Cloud Wars: How AI ‘Landlords’ Amazon And Microsoft May Absorb OpenAI And Anthropic – Image for illustrative purposes only (Image credits: Pixabay)
Major cloud providers have poured tens of billions into leading AI developers in recent months, forging partnerships that bind startups to their infrastructure. These deals, announced in April 2026, highlight a growing reliance on hyperscalers for the compute power essential to train frontier models.[1][2] As AI labs scale amid surging demand, the question arises whether Amazon Web Services and Microsoft Azure will evolve from supporters to dominant forces in the ecosystem.
The shift matters now because infrastructure constraints – from chip fabrication to power supply – have turned compute into a scarce resource. Early commitments lock in advantages, potentially tilting control toward those controlling the servers.[3]
Amazon Doubles Down on Anthropic with Landmark Commitment
Amazon announced on April 20, 2026, an investment of up to $25 billion in Anthropic, bringing its total backing to approximately $33 billion.[1] The structure included an initial $5 billion infusion, with the remainder contingent on commercial milestones reached by the AI firm, valued at $380 billion.
In return, Anthropic pledged more than $100 billion in spending on AWS technologies over the next decade. This encompassed commitments to use Amazon’s Trainium chips for training its Claude models and securing up to 5 gigawatts of capacity.[3] Amazon CEO Andy Jassy noted that Anthropic’s dedication to AWS Trainium for the next decade underscored progress in custom silicon development.[1]
Anthropic CEO Dario Amodei emphasized the need to match user demand for Claude, stating the collaboration would advance research while serving over 100,000 AWS builders.[1] The firm had already named AWS its primary cloud provider in 2023 and primary training partner in 2024.
Microsoft’s Evolving Grip on OpenAI
Microsoft’s partnership with OpenAI, which began in 2019 with a $1 billion investment, has grown into a multifaceted alliance involving equity stakes, IP access, and revenue sharing.[2] The company holds rights to integrate OpenAI models into its products and resell them via Azure until 2032.
Recent adjustments in late April 2026 ended cloud exclusivity, allowing OpenAI to deploy models across providers like Amazon and Google Cloud.[4] Microsoft retained non-exclusive IP licenses for non-research products and a capped 20% revenue share through 2030. OpenAI must prioritize Azure for initial shipments.

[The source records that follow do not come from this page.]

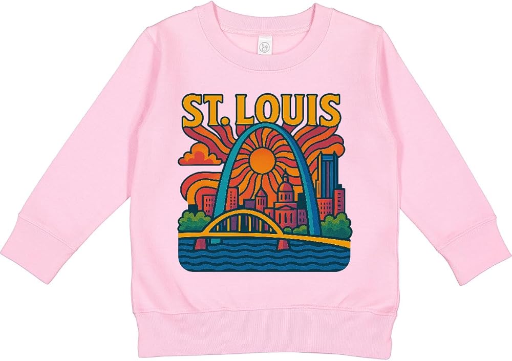 Celebrate the vibrant spirit of St. Louis with this retro-style design featuring the iconic Gateway Arch and cityscape. Perfect for lovers of urban landscapes and those with a special connection to this historic city. Add a splash of color with this standout Toddler Sweatshirt.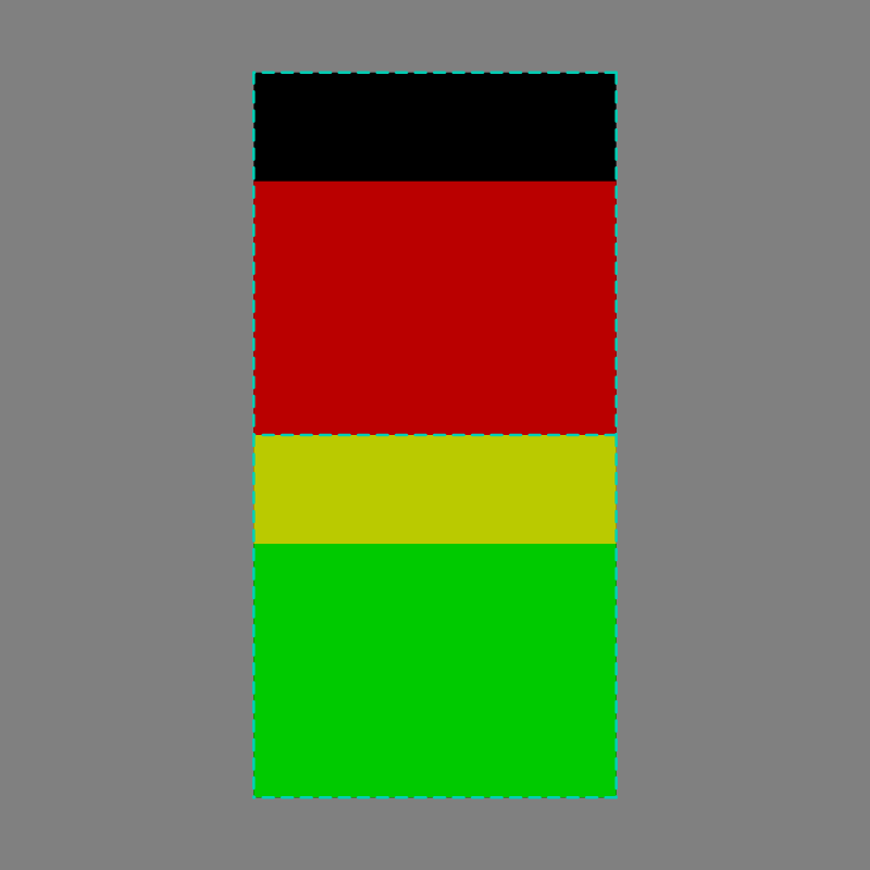 First the mixed yellow portion. We can see that it is covering 30% of the pixel window where the red and green emissions overlap, and our emission was originally 50% red.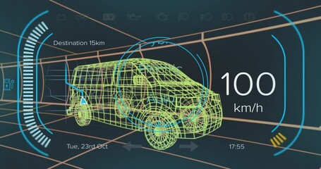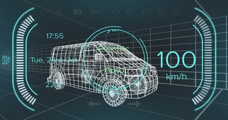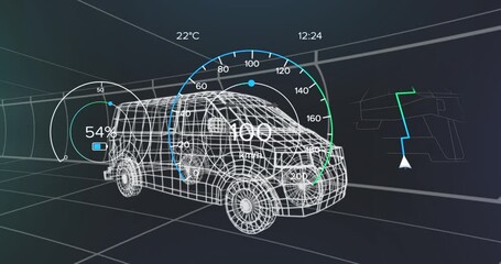 Futuristic 3d Van With Speedometer And Data Graphics Videos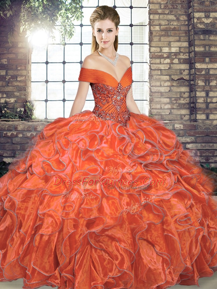 Gorgeous Sleeveless Floor Length Beading and Ruffles Lace Up 15 Quinceanera Dress with Orange Red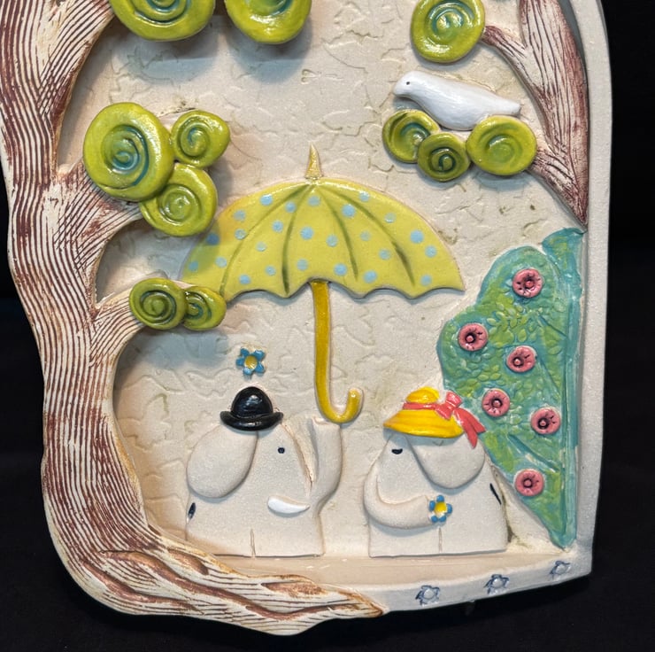 Highly detailed wall plaque with hanging wire. Recommended to hang on double hook or screws as elephants can be quite weighty!

These changes followed tensions, including OpenAI’s February 2026 deal with Amazon worth up to $50 billion. The revised terms carved out certain research IP from Microsoft’s access, introducing flexibility amid competitive pressures.[2]
Lock-In Through Contracts and Compute
The deals reveal distinct paths to interdependence. Microsoft secured economic interests and deep integration with OpenAI, positioning itself beyond a mere supplier.[2] Amazon, by contrast, focused on infrastructure provision and distribution via Bedrock, without comparable IP transfers from Anthropic.
Technical lock-in proves harder to escape. Training pipelines optimized for specific hardware – like AWS Trainium or Azure stacks – incur high migration costs. Anthropic diversified somewhat, incorporating Google TPUs and NVIDIA GPUs alongside AWS, yet remains tied through massive commitments.[2]
What matters now: Hyperscalers shape model efficiency on their platforms, turning suppliers into integral components of AI products.
Supply bottlenecks exacerbate this: Data centers take 18-24 months to build, custom chips span multi-year cycles, and power demands rival nuclear plants.[3]
Amazon’s Bold Move into OpenAI Territory
Capitalizing on OpenAI’s newfound multi-cloud freedom, Amazon integrated GPT-5.4 and upcoming GPT-5.5 models into Bedrock shortly after the Microsoft revisions.[5] This allows AWS users seamless access alongside Anthropic and other models, unified under Bedrock’s security framework.
AWS also launched Bedrock Managed Agents, leveraging OpenAI for tool execution and context management, plus tools like Amazon Quick Desktop for productivity tasks.[5] AWS VP Anthony Liguori highlighted the ease for customers to adopt without new development.
These steps signal a platform war where model choice commoditizes, but governance and deployment differentiate leaders.
Future Fault Lines in the AI Ecosystem
As AI revenue surges – Anthropic’s run rate hit $30 billion annualized by April 2026 – frontier labs face existential needs for compute amid three-to-five-year supply lags.[3] Cloud giants, with $200 billion annual capex like Amazon’s, hold the keys.
While formal absorption remains speculative, the trajectory favors hyperscalers. OpenAI gains distribution breadth; Anthropic preserves some optionality. Yet embedded dependencies suggest cloud providers will increasingly dictate the pace of innovation. The real stakes lie not in model superiority alone, but in who controls the infrastructure beneath it.[2]